# fillet at sea?



## T-REX (Mar 1, 2011)

What's the law on having filets on the boat I've heard you can have so much if you have a grill on the boat?


----------



## jaster (Oct 7, 2007)

Fish must remain whole while on the boat, if not mistaken. Now if you are fileting and grilling, carcus go overboard, filet straight on the grill??? Who knew???


----------



## FLbeachbum (Jul 17, 2008)

Not sure exactly what but there is an allowance for eating freshly caught fish. Someone will chime in with the details.


----------



## JoeyWelch (Sep 25, 2009)

T-REX said:


> What's the law on having filets on the boat I've heard you can have so much if you have a grill on the boat?

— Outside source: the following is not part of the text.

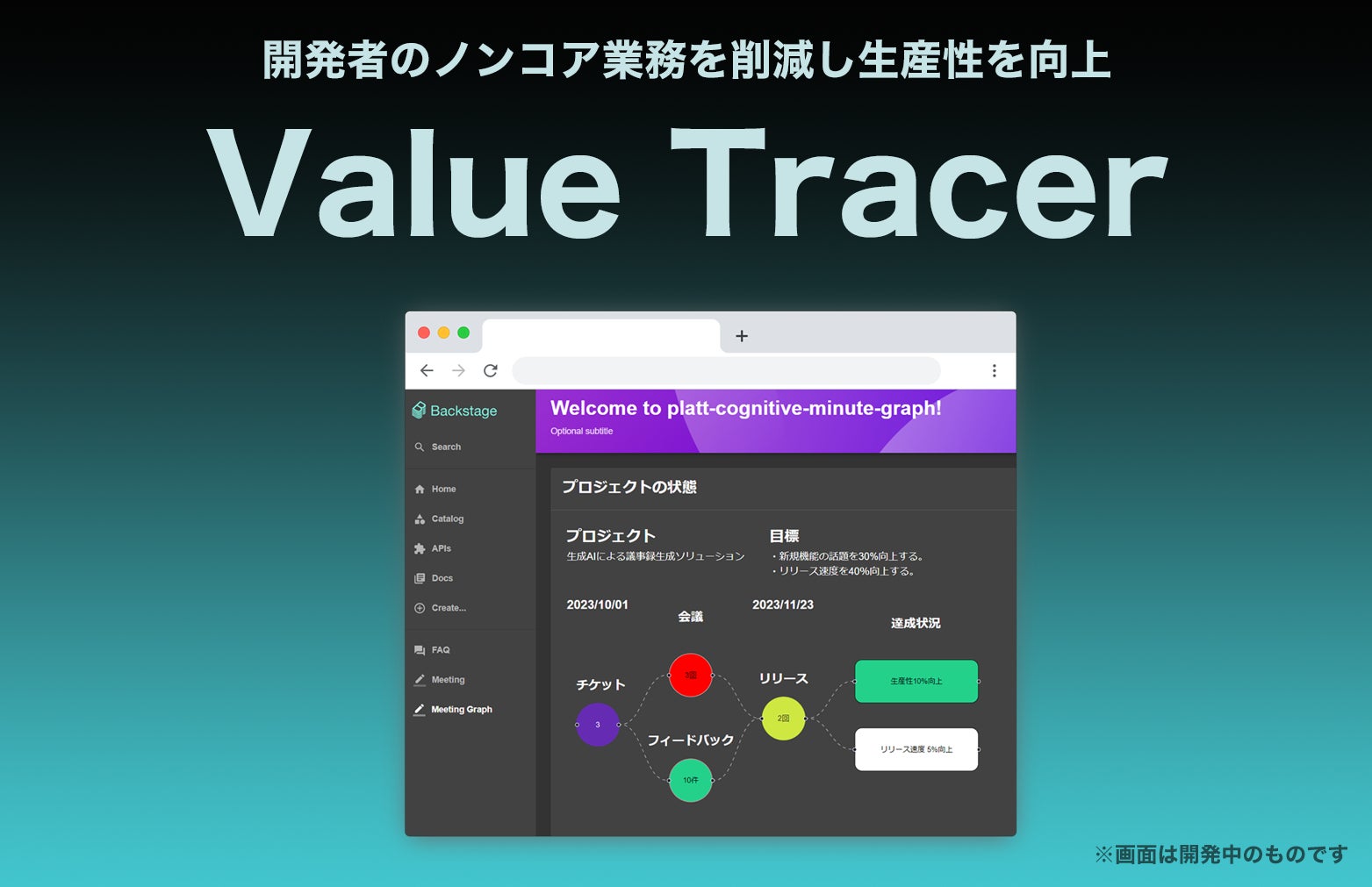 「Value Tracer」は、開発者自身が必要とするツールや情報などを簡単に見つけて利用することができる「開発者ポータル」であるBackstage(バックステージ)のプラグイン(※)として、AIを組み込んだ国内初の事例となります(当社調べ)。

Just keep em handy and if you see the "Man", Toss em. No big deal.


----------



## Telum Pisces (Sep 27, 2007)

Here is the actual wording from the Federal guidlines.

Head and Fins Attached Rule
All fish except for bait and oceanic migratory species taken from
federal waters must have heads and fins intact through landing. *Up to 1½*
*pounds of finfish per person is exempt from the head and fins intact rule for*
*personal consumption provided the vessel is equipped to cook such*​
*finfish.*


----------



## polar21 (Nov 5, 2007)

Time to get a grill for the boat!


----------



## T-REX (Mar 1, 2011)

Telum Pisces said:


> Here is the actual wording from the Federal guidlines.
> 
> Head and Fins Attached Rule
> All fish except for bait and oceanic migratory species taken from
> ...


that's what I heard sounds like I will be needing a grill an a scale for my next trip!


----------



## jplvr (Mar 7, 2011)

We're talking about carrying a ceviche bag on the boat with us next time out. I don't know if that covers "provided the vessel is equipped to cook such," but I'll risk it.


----------



## bpy (Aug 2, 2009)

Ceviche is the way to go. Not saying we've done this......BUT, take the smallest "keeper" you catch and put it in the ceviche mix (which was made before you leave) and stick in the fridge. In about 3 hours, you'll have the best fish you've ever had.


----------



## Starlifter (Feb 24, 2011)

*Consumption at Sea*

http://ecfr.gpoaccess.gov/cgi/t/text/text-idx?c=ecfr&tpl=/ecfrbrowse/Title50/50cfr622_main_02.tpl

*e-CFR (Electronic Code of Federal Regulations)
TITLE 50--Wildlife and Fisheries
PART 622--FISHERIES OF THE CARIBBEAN, GULF, AND SOUTH ATLANTIC*

Subpart--C Management Measures
§622.38--Landing fish intact.

(2) Legal-sized finfish possessed for consumption at sea on the harvesting vessel are exempt from the requirement to have head and fins intact, provided—

(i) Such finfish do not exceed any applicable bag limit;
(ii) Such finfish do not exceed 1.5 lb (680 g) of finfish parts per person aboard; and
(iii) The vessel is equipped to cook such finfish on board.


----------



## fisheye48 (Sep 28, 2007)

filet and release!


----------



## Ocean Master (May 20, 2008)

We go ahead and bleed and clean Tuna most of the time.


----------



## Reel Wins (Jun 4, 2009)

Starlifter said:


> http://ecfr.gpoaccess.gov/cgi/t/text/text-idx?c=ecfr&tpl=/ecfrbrowse/Title50/50cfr622_main_02.tpl
> 
> *e-CFR (Electronic Code of Federal Regulations)*
> *TITLE 50--Wildlife and Fisheries*
> ...


Does that mean that fish we cook at sea have to come out of our bag limit? 
Would we get a ticket for having a snapper on the grill and a limit of snapper in the cooler?


----------



## lastcast (Oct 12, 2007)

By the regs the answer would be YES. Fillet and grilled counts against the limit.
Tuna has diff regs.


----------



## sealark (Sep 27, 2007)

Just catch your limit, filet one out and eat it. Then go catch one more. Just make sure if you get stopped by the man you don't burp.


----------



## grey ghost (Jul 24, 2011)

just catch ya limit and be done with it! It aint worth the fine, or trouble to try to get by with a few extra fillets! Hell the only limit i catch anyway is ARS! just my opinion!! LOL


----------



## amarcafina (Aug 24, 2008)

grey ghost said:


> just catch ya limit and be done with it! It aint worth the fine, or trouble to try to get by with a few extra fillets! Hell the only limit i catch anyway is ARS! just my opinion!! LOL


2+ !!!


----------